エイプリル

7つの贈り物のエイプリルのネタバレレビュー・内容・結末

7つの贈り物(2008年製作の映画)
2.9

このレビューはネタバレを含みます

前半、全然主人公の目的がわからなくて不穏なムードばかりが高まっていくの不思議な感覚でした。実はこの映画をハートフル映画だと勘違いして見始めたため、案外スリラー感強くてビビりました。
この「主人公が何をしようとしているのかわからない」が本作の魅力であるとは思うのですが、個人的にはそれがストレスでもありました。最後の目的を知ると、主人公の抱えているものが非常に悲しくて、今までの行動にも納得がいくのですが、何か狙いがある主人公に対する周囲の純粋な好意もなんだかきつかったです。

非常に回りくどいやり方ではありましたが、主人公の抱えている過去について贖罪を行うまでの話が描かれてたというのがオチなのですが、死に様が結構リアルというか、ちゃんとクラゲに刺されてから死に至るまでの痛みについても描写されていたのは主人公の覚悟をきっちり表していて良かったです。
あと個人的に好きだったのは、「スーツしか持ってない」とか言った翌日に普通に普段着で活動してたシーンです。これ、主人公が嘘つきものであるということを瞬時に演出してて良かった。
あとは主人公が実はベンじゃなかったっていうのがわかるシーンもサラッと描写されているからこそ良かったなーというのもありました。多分国税局の人間じゃないというのはなんとなく分かってたんですが、ベンですらなかったっていうのは予想できませんでした。
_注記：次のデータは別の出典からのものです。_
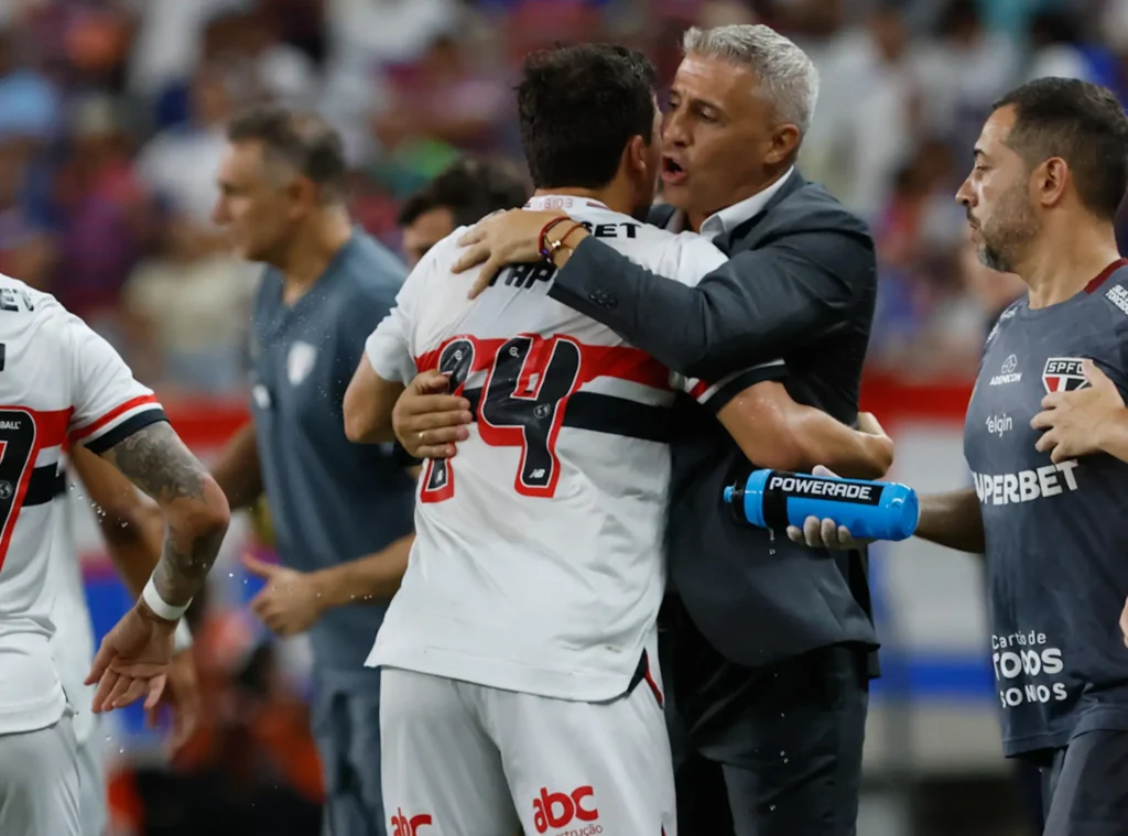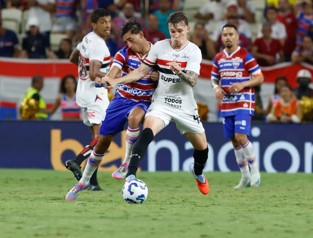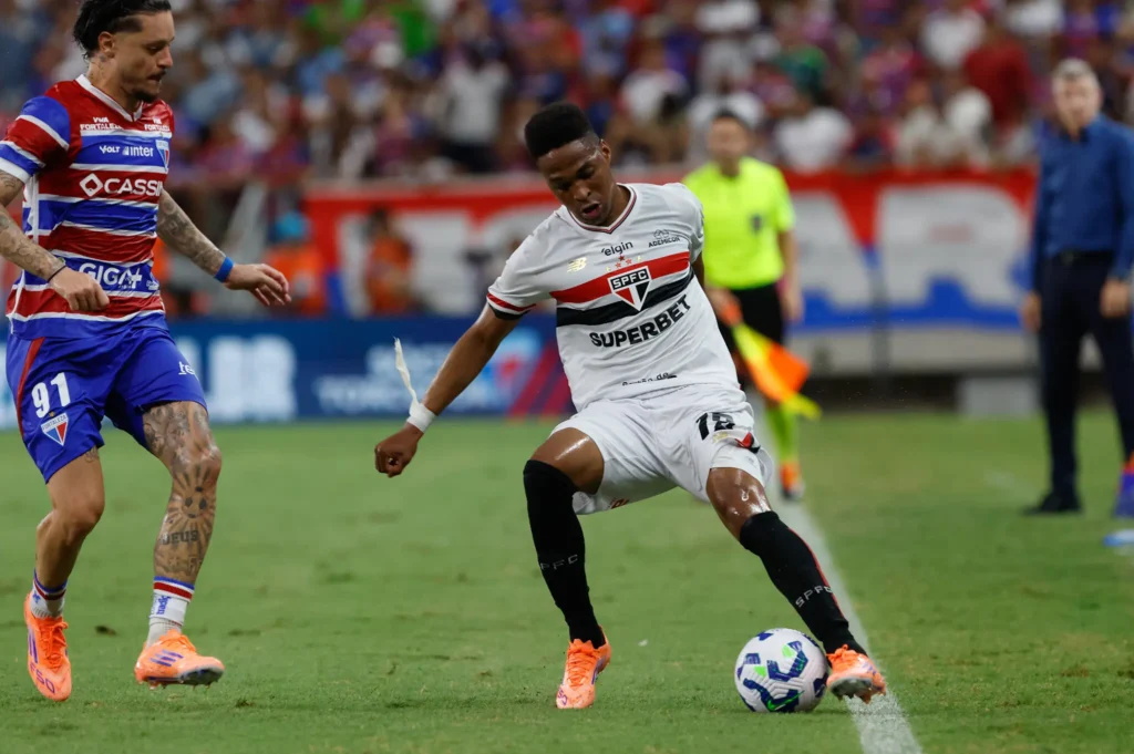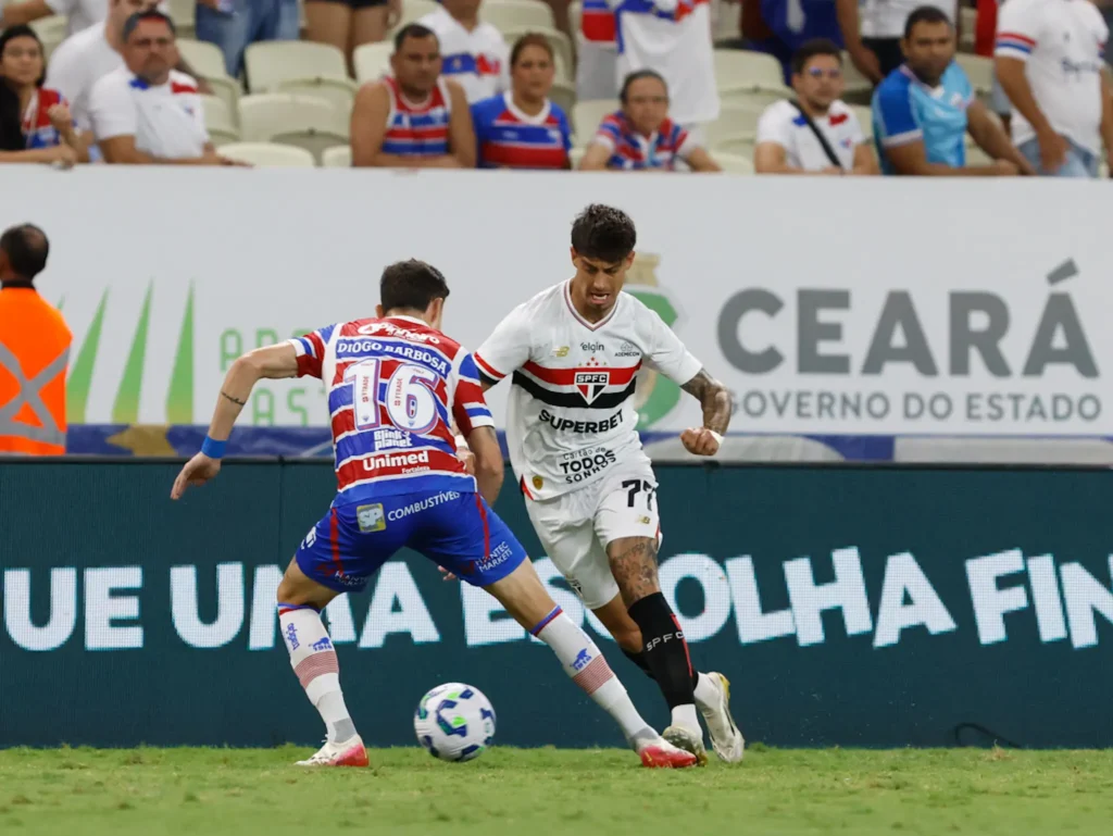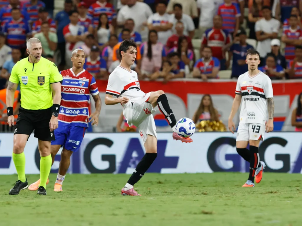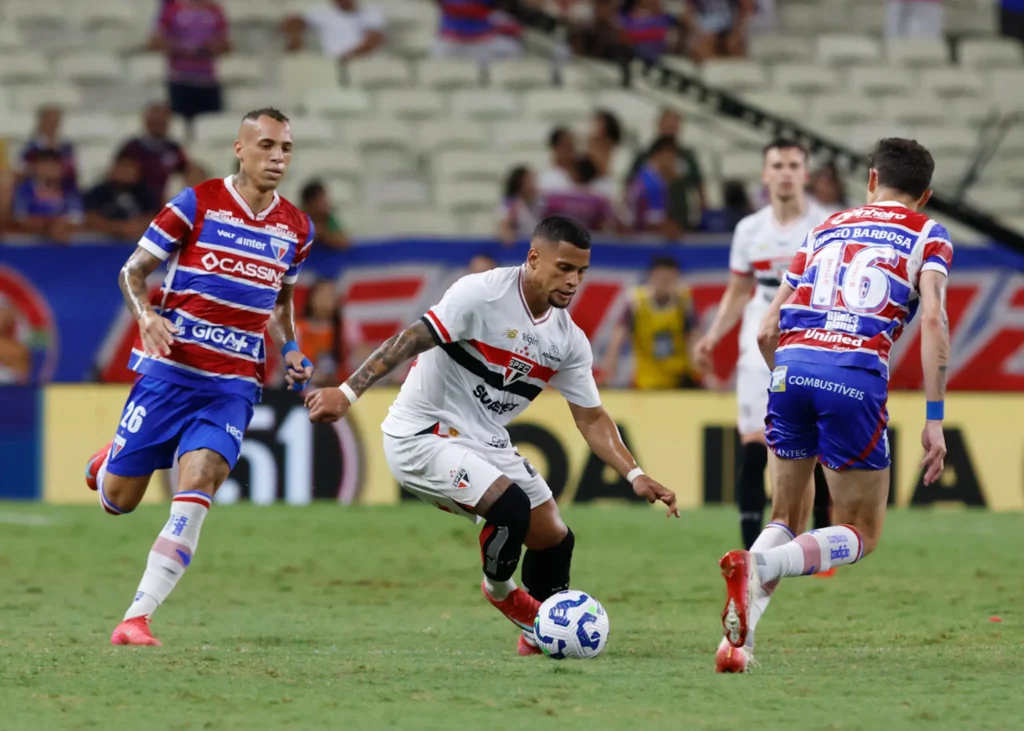 O São Paulo conquistou uma importante vitória nesta quinta-feira, fora de casa, contra o Fortaleza, por 2 a 0, pelo Campeonato Brasileiro. O resultado, que já era extremamente importante, foi ainda mais pelo fato de o time tricolor ter jogado com um homem a menos em campo desde os 20 minutos do primeiro tempo.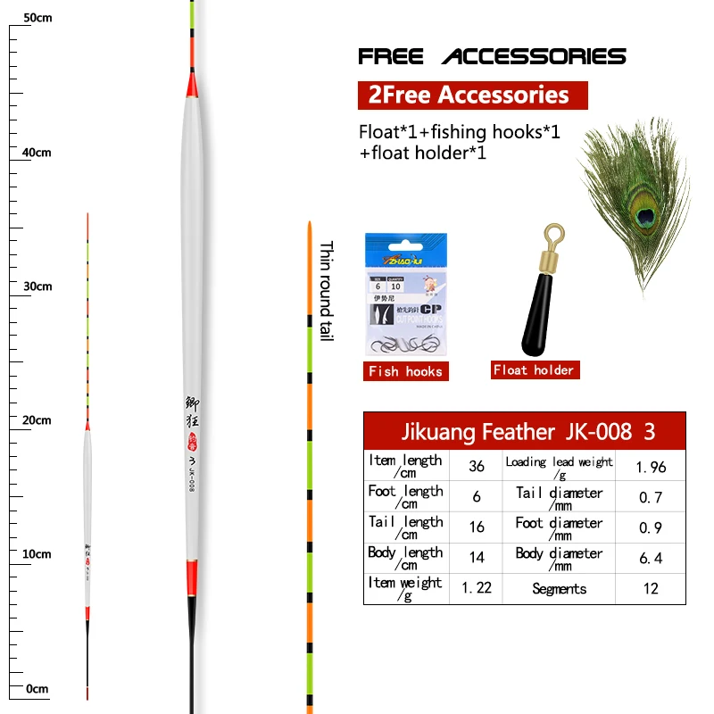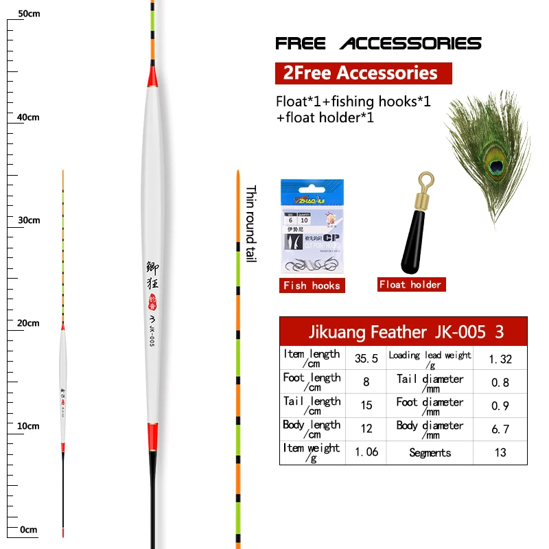 Longitud del artículo: 35,0 cm, longitud del pie: 6,0 cm, longitud de la cola: 15,5 cm, longitud del cuerpo: 13,5 cm, peso del artículo: 0,93G, peso del plomo de carga: 1,0g, diámetro del pie: 1,0mm, diámetro del cuerpo: 5,4mm, diámetro de la cola: 0,6mm, segmentos: 12

正直ベンの選んだ道はもっと他のやり方あっただろ、みたいに思いましたが、彼の過去を考えるとすでに正常な判断ができず、狂気に足突っ込んで人助けをするしかなかったんですよね。自己犠牲エンドの映画はたくさんありますが、ここまで倫理観とか犯罪行為スレスレを歩きながら人助けをして最後には自殺を選ぶ映画はなかなかないので、印象に残る映画でした。